I am reviewing the code of a development and I need to avoid or use a different way of adding columns with the use of the 'withColumn' function in a dataframe; but I have the following doubts:

  1. Using nested 'withColumn', create new tables (as the code below)? using 6 'withColumn', create 6 new in memory tables?
newDataframe = table
.withColumn("name", col("consolidate").cast(DecimalType(17,2)))
.withColumn("name", col("consolidate").cast(DecimalType(17,2)))
  1. If the use of many 'withColumn' increases memory usage and lowers performance (if true), how can I avoid using 'withColumn' when adding columns in a dataframe and get the same result?

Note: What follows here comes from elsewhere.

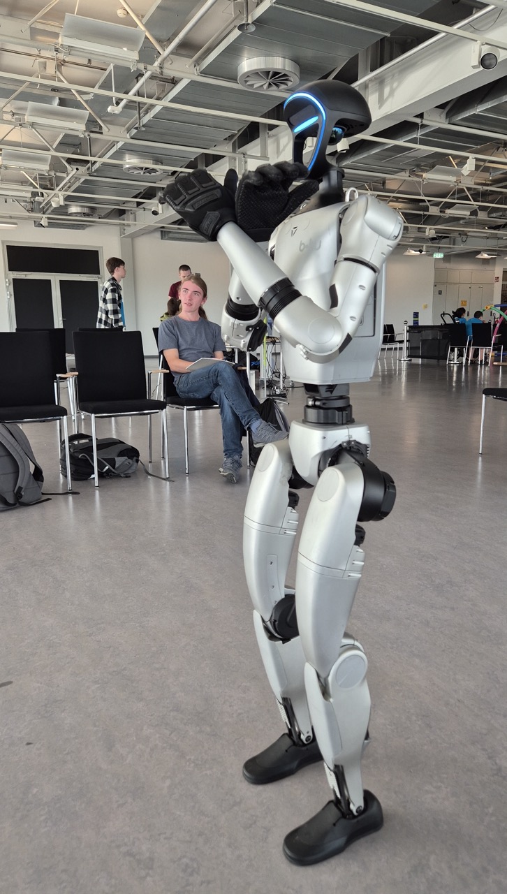 - Eddy, ein 1,30 Meter großer humanoider Roboter, der laufen, winken und seine Umgebung mit 360-Grad-Sicht erfassen kann.
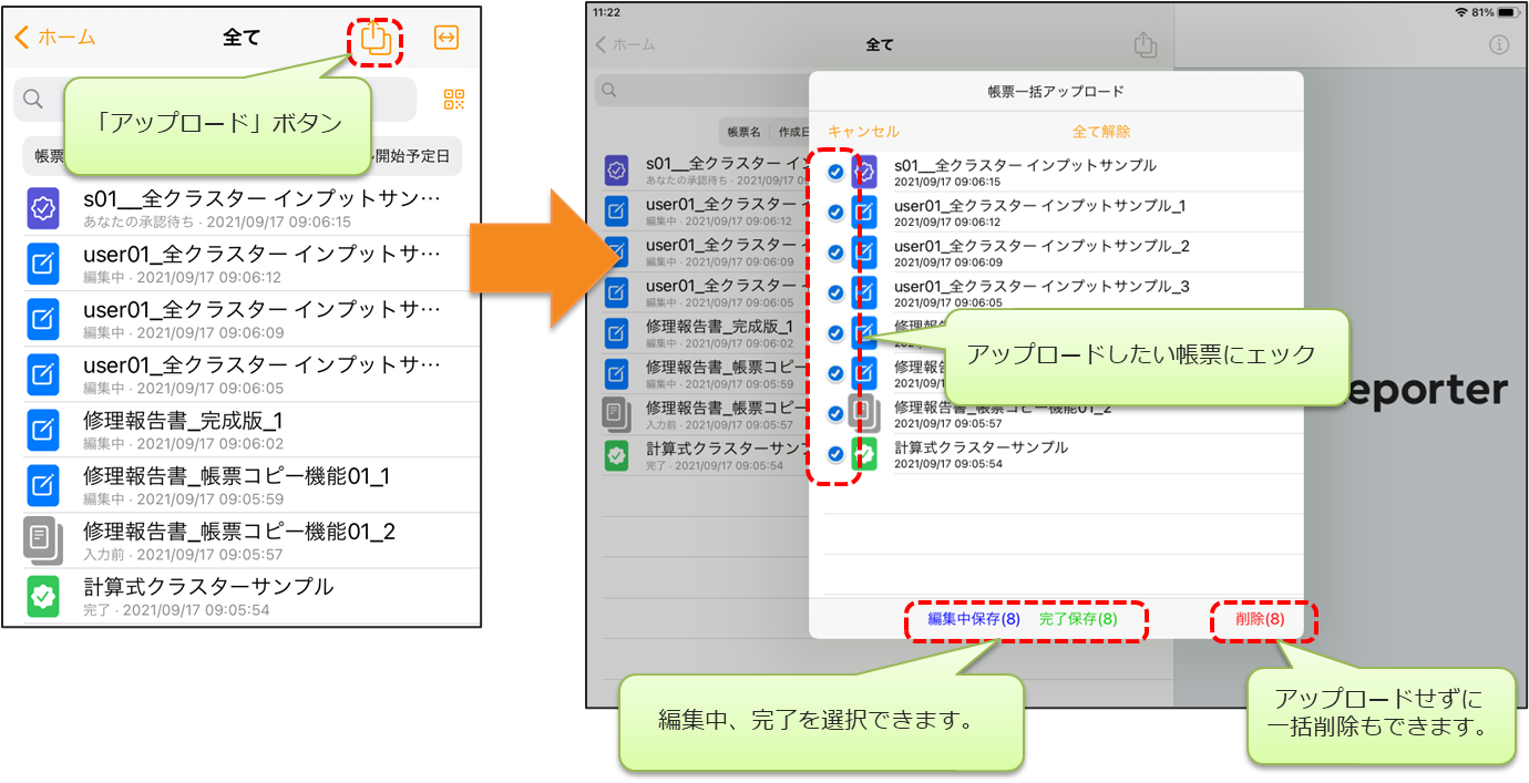 ローカルの「全て」「入力前」「編集中」の入力帳票を一括でアップロードできます。

  2. Is there a way that consumes less memory and is faster to run without using 'withColumn', but getting the same result ?, that is, a dataframe with 6 columns added

I don't know how to do this.

The code to optimize is like this:

def myMethod(table: DataFrame): DataFrame = {
    newDataframe = table
      .withColumn("name", col("consolidate").cast(DecimalType(17,2)))
      .withColumn("id_value", col("east").cast(DecimalType(17,2)))
      .withColumn("x_value", col("daily").cast(DecimalType(17,2)))
      .withColumn("amount", col("paid").cast(DecimalType(17,2)))
      .withColumn("client", col("lima").cast(DecimalType(17,2)))
      .withColumn("capital", col("econo").cast(DecimalType(17,2)))
    newDataframe
  }

1 Answers

0
Fabich On

There is a misconception here : Spark does not create the 6 intermediary datasets in memory. In fact your function won't trigger any change in memory as Spark transformations (such as withColumn) are evaluated lazily only when a action is called (such as .count() or .show()).

When the action is called Spark will optimize your transformations and do them all at once, so there is no problem with calling 6 times .withColumn in term of memory.